Juan Chanchi de Ruiz, 74, said the noise of the surging flood woke her up and gave her enough time to get to higher ground.
Her house was not damaged but the homes of several neighbours were heavily damaged and many people were fleeing with their belongings as the river water remained high.
"Around here, there's nobody. Everybody left," she said.
"People went to their houses and found nothing but the floor," said Gilma Diaz, a 42-year-old woman from another town who came in search of a cousin.
Authorities and residents in the city tucked between mountains along Colombia's southern border spent Saturday tending to victims, trying to find homes on streets reduced to masses of rubble and engaged in a desperate search to locate loved ones who disappeared in the dark of night.

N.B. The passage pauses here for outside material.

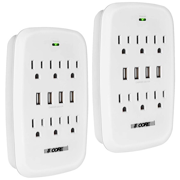 OutletOutletOutlet5 Core is a trusted brand across 56 different countriesAs a professional manufacturer of small appliances, we are committed to building best products that add convenience, and enhanced experiences to our valued customers.With a dedication to quality and service, we continue to push for excellence in the industry.6 Outlet Extender Surge Protector with 4 USB PortsMulti Surge Protected OutletsThe multi-functional wall tap plug features 6 surge-protected outlets and 4 USB ports to save space and USB adapters, keeps everyday electronic devices safely plugged in and fully charged with it, so you can efficient charge 6 AC devices and 4 USB devices simultaneously Package Includes : 2 Pieces Surge ProtectorOutletOutletOutlet6 Outlet & 4 USB PortsPlug and Play Wall Outlet Expander- Simply plug and use, the outlet extender wall mount surge protector extends 2 wall outlets to 6 outlets and 4 USB ports; USB wall outlet allows you to charge 6 125v AC devices and up to 4 USB devices simultaneouslySpecificationsInput Voltage: AC 100-120V; 60HzMax. Power Rating: 15A/1875WUSB Port Output: DC5V, Total 4.8ASurge Protection: 900 JoulesCompact & Travel ReadySmall Size 6.4 ? 1.2 ? 4.2 in , and light wight very easy to carry and store, save space of your suitcase when you are traveling.OutletOutletOutlet900J Surge Protection900 Joule energy rating provides superior protection of all your electronics.The indicator light assures connected electronics are protected from surges or spikes.Fast Smart USB Charging PortsHigh-speed USB ports automatically detect charging devices and deliver optimal charging speed, USB-A up to 2.4A per port Total 4.8A.Design with Stabilizing PostThe screw included can be used to secure it on duplex outlet. The plastic prong at the bottom is for reinforcement purpose also. For USB receptacle and GFCI outlet, the plastic prong needs to be cut off before using. Also, your cell phone could be put on the top phone holder conveniently when charging.

Eduardo Vargas, 29, was asleep with his wife and seven-month-old baby when he was awoken by the sound of neighbours banging on his door.
He quickly grabbed his family and fled up a small mountain amid cries of people in panic.
Mr Vargas and his family huddled with about two dozen other residents as rocks, trees and wooden planks ripped through below.
They waited there until daylight, when members of the military helped them down.
When he reached the site of his home on Saturday, nothing his family left behind remained.
Mr Santos blamed climate change for triggering the avalanche, saying the accumulated rainfall in one night was almost half the amount Mocoa normally receives in the entire month of March.
With the rainy season in much of Colombia just beginning, he said local and national authorities need to redouble their efforts to prevent a similar tragedy.
The tragedy drew international attention, with Pope Francis mentioning the catastrophe during his Angelus blessing on Sunday on a visit to the northern Italian region of Emilia Romagna, which was struck by a pair of deadly earthquakes five years ago.